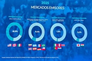 Uno de los datos más relevantes es que 82% de la ocupación hotelera proviene de solo tres mercados: Estados Unidos, México y Canadá, aunque el estado busca diversificar su presencia con mercados emergentes como Brasil, Colombia y Argentina.
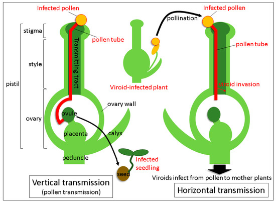 Viroids mainly spread mechanical means: Through infected plant sap, grafting of contaminated scions, plant materials propagated vegetatively from the infected plant and dispersal of infected seeds and pollen. Transmission routes via seeds and pollen are the major ways of infection propagation from parental plants to their progeny and distribution among individuals. The term “seed transmission” means the passage of the pathogen through seeds to seedlings and plants in the next generation. Hence, it is also known as vertical transmission (Figure 1) [6,7,8,9]. Vertical transmission plays an important role in the spread and survival of viroids, as well as viruses. Vertical transmission of viroids has long been known [2,10,11], but much attention has not been paid to this phenomenon until the end of 20th century. Importance of seed transmission of viroids, especially in pospiviroid species, has been highlighted in the early 21st century, when the global distribution of pospiviroid-infected seeds and seed materials became apparent in vegetables and ornamental plants, which increased the risk of diffusion of pospiviroid-infected seeds materials in international trade [12]. The phenomenon of a horizontal transmission closely connected to a vertical transmission, occurs when the pathogen is transmitted to other individuals via pollination with infected pollen (Figure 1) [13,14]. Many plant viruses and viroids are known to spread horizontally or even vertically through pollen in experimental conditions, but for the viroids at least, the effects of these types of transmission on actual plant cultivation have not yet been clearly understood. Recent experimental results suggested that horizontal transmission not only causes spreading of the viroid to the surrounding host of the same species, but also provides a chance to propagate in other host species. Here, we review vertical and horizontal modes of transmission of viroids through pollen, focusing mainly on the recent progress in the histopathological analysis of pospiviroids. For more general aspects of viroid seed and pollen infection, including their economic importance, please refer to the review by Hammond [2].
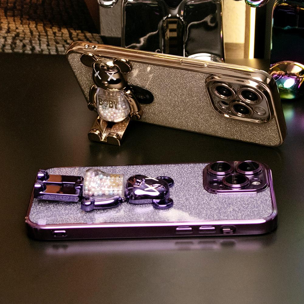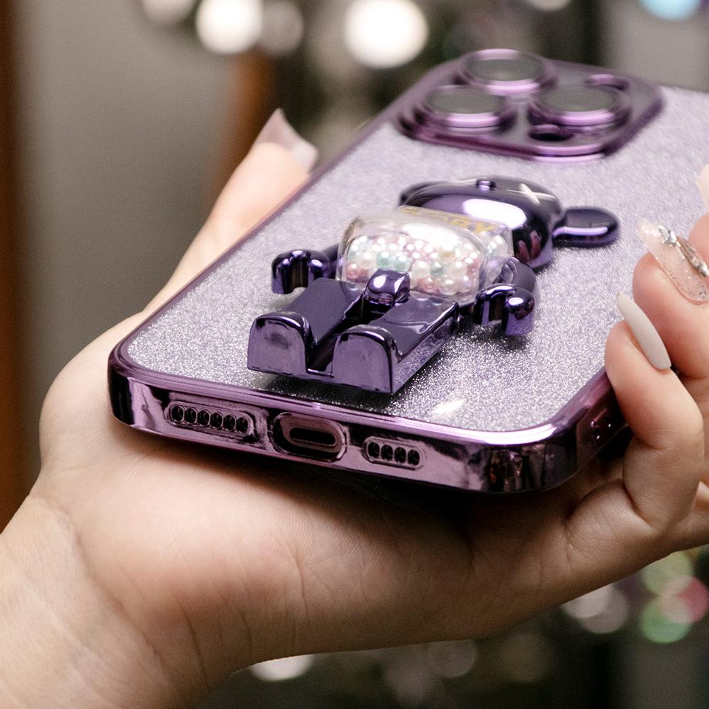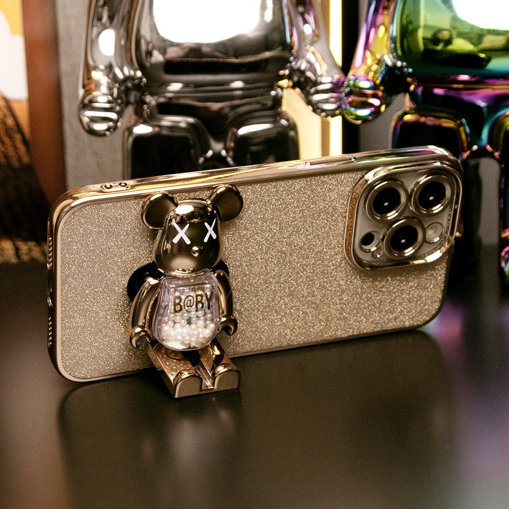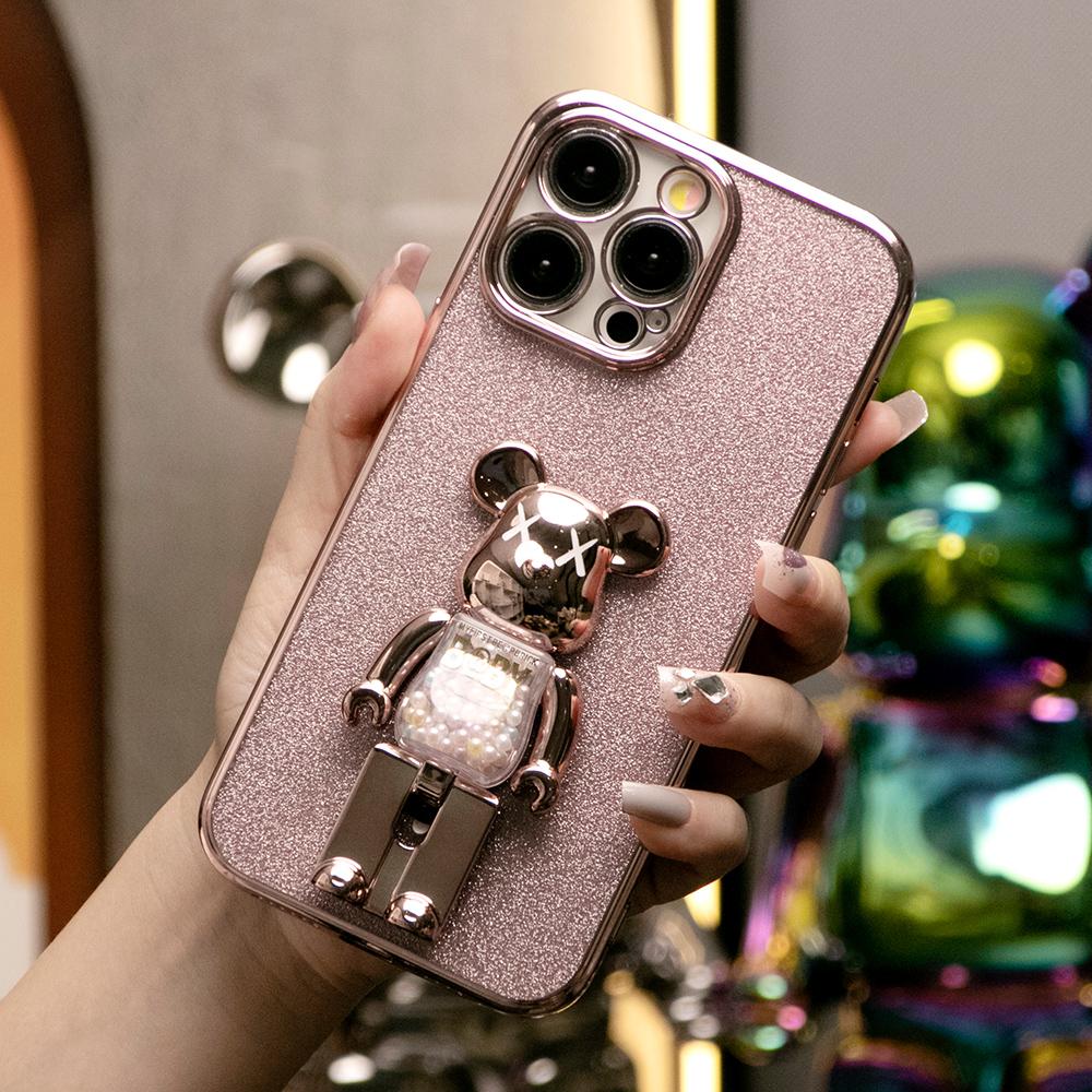Glitter Electroplated 3D Candy Bear Kickstand Phone Case For iPhone 16 15 14 13 12 11 XR XSMax X/XS
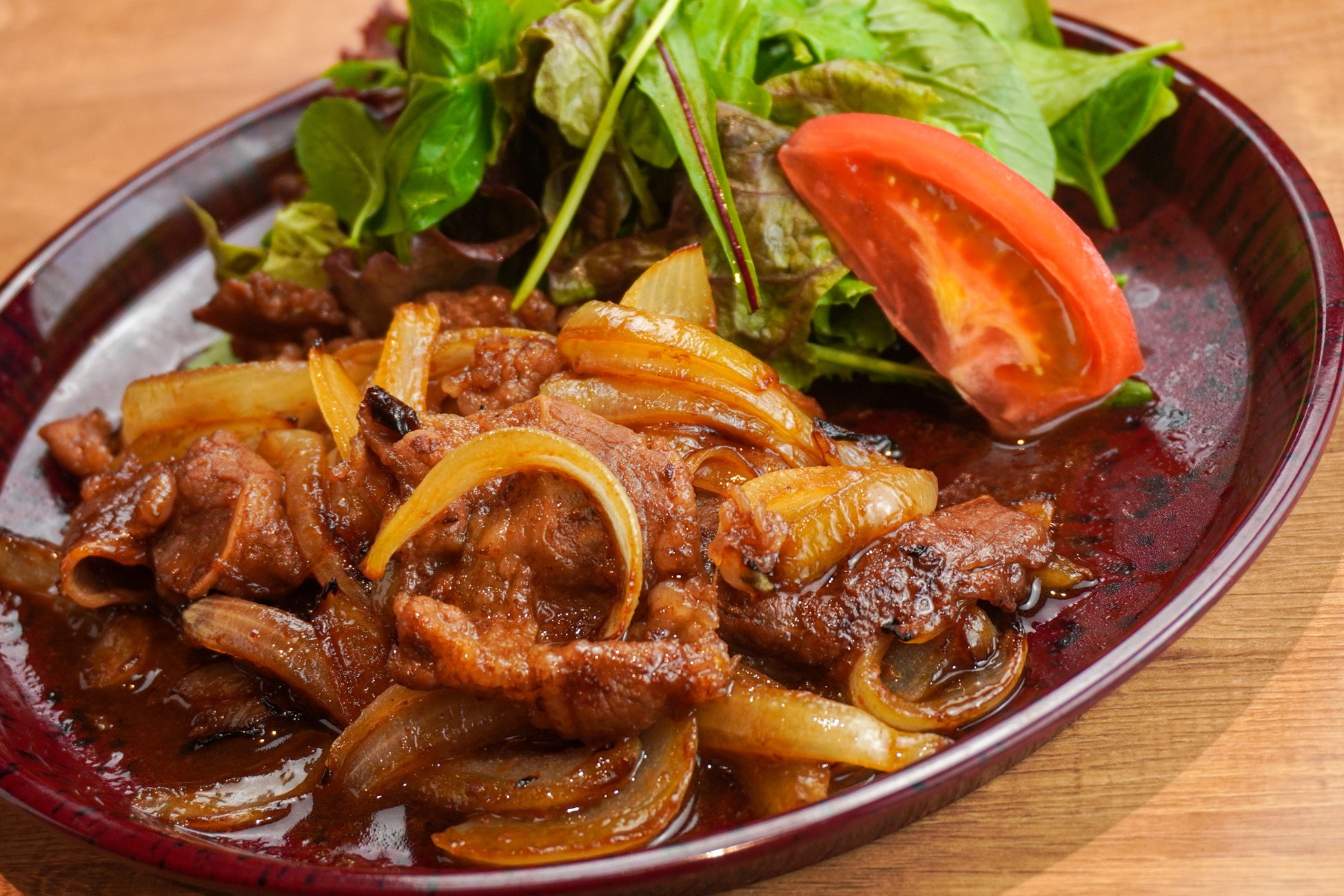 今回スペシャル定食としてお出しする『バラ焼定食』も青森県のご当地グルメ、牛のバラ肉と大量のタマネギを、醤油ベースの甘辛いタレで味つけし、鉄板で焼く料理です。発祥は、今から約50年前の三沢米軍基地前の屋台と言われ、そこから広まり、今では十和田市周辺を中心に青森県民に愛されています。
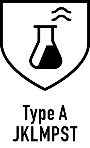 · Chemikalienfestigkeit: J = n-Heptan / K = Natriumhydroxid 40 % / L = Schwefelsäure 96 % / M = Salpetersäure 65 % / P = Wasserstoffperoxid 30 % / S = Flusssäure 40 % / T = Formaldehyd 37 %
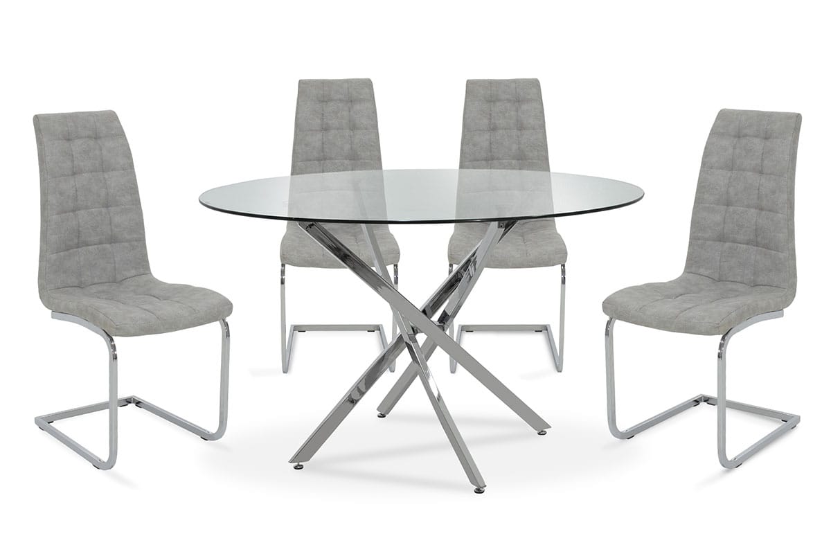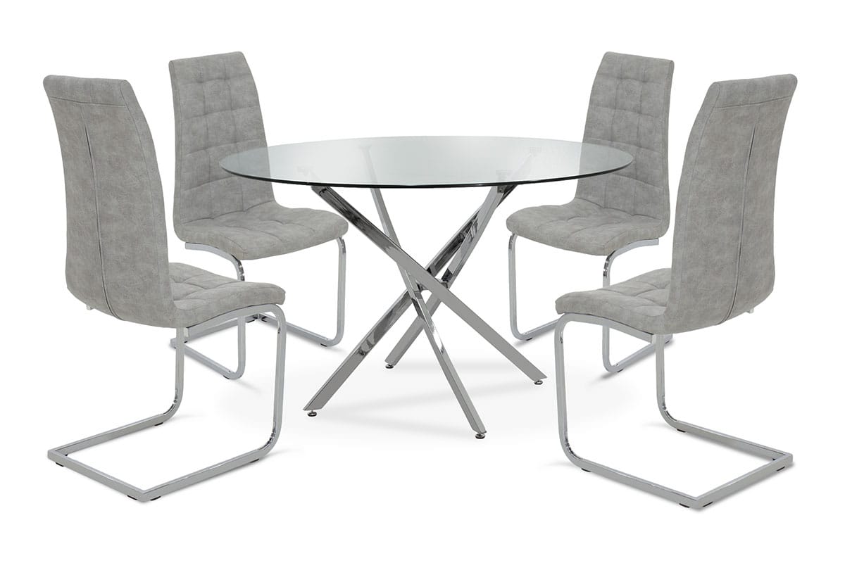 Tavolina e ngrënies e vendosur 5pcs Steve me qelq-karrige gri antike pu D120x74,5cm
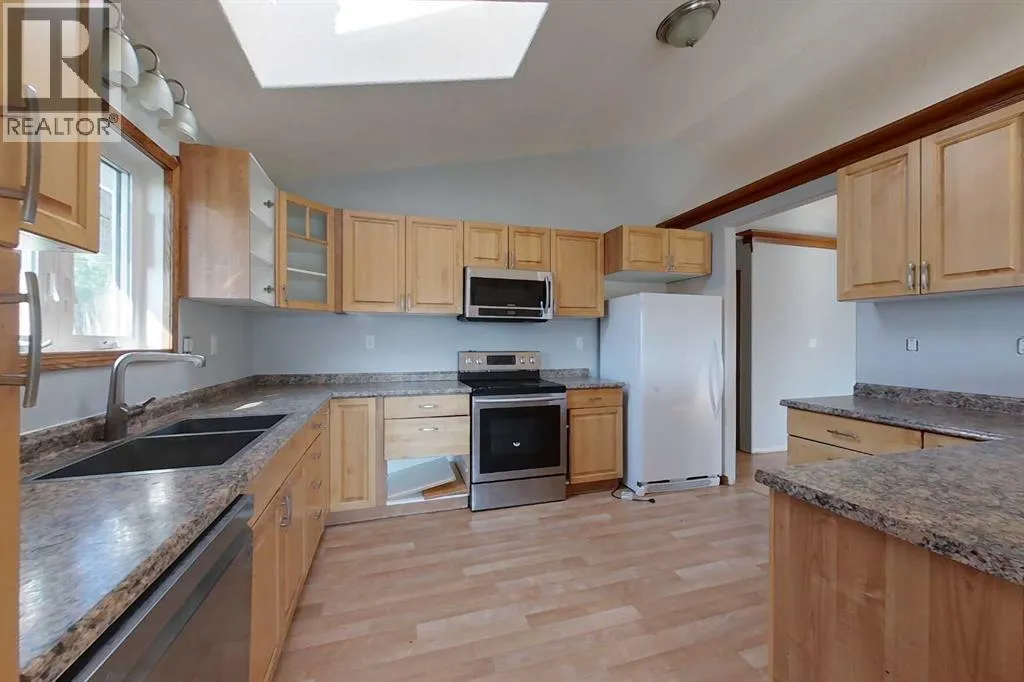 Located on a quiet street, this home features an open floor plan concept, kitchen, dining room and spacious living room, large primary bedroom featuring a 4-pc ensuite, large closet and access to a deck overlooking the back yard. A second bedroom and a 5-pc bathroom completes the main level. The lower level is complete with a spacious rec room, additional 4 bedrooms, 5-pc bathroom and laundry/utility room. 6 bedrooms, 3 bathrooms, single attached garage, 33' X 26' workshop!! Large concrete parking pad. This home is perfect for a growing family. (id:27476)
_ _ _ _ _
> **What you are asked to do**: From the line containing "Glitter Electroplated 3D" to the last line of the entries, output every line exactly as written, but leave out the pictures.

> **Solution to the exercise**:
Glitter Electroplated 3D Candy Bear Kickstand Phone Case For iPhone 16 15 14 13 12 11 XR XSMax X/XS
 今回スペシャル定食としてお出しする『バラ焼定食』も青森県のご当地グルメ、牛のバラ肉と大量のタマネギを、醤油ベースの甘辛いタレで味つけし、鉄板で焼く料理です。発祥は、今から約50年前の三沢米軍基地前の屋台と言われ、そこから広まり、今では十和田市周辺を中心に青森県民に愛されています。
 · Chemikalienfestigkeit: J = n-Heptan / K = Natriumhydroxid 40 % / L = Schwefelsäure 96 % / M = Salpetersäure 65 % / P = Wasserstoffperoxid 30 % / S = Flusssäure 40 % / T = Formaldehyd 37 %
 Tavolina e ngrënies e vendosur 5pcs Steve me qelq-karrige gri antike pu D120x74,5cm
 Located on a quiet street, this home features an open floor plan concept, kitchen, dining room and spacious living room, large primary bedroom featuring a 4-pc ensuite, large closet and access to a deck overlooking the back yard. A second bedroom and a 5-pc bathroom completes the main level. The lower level is complete with a spacious rec room, additional 4 bedrooms, 5-pc bathroom and laundry/utility room. 6 bedrooms, 3 bathrooms, single attached garage, 33' X 26' workshop!! Large concrete parking pad. This home is perfect for a growing family. (id:27476)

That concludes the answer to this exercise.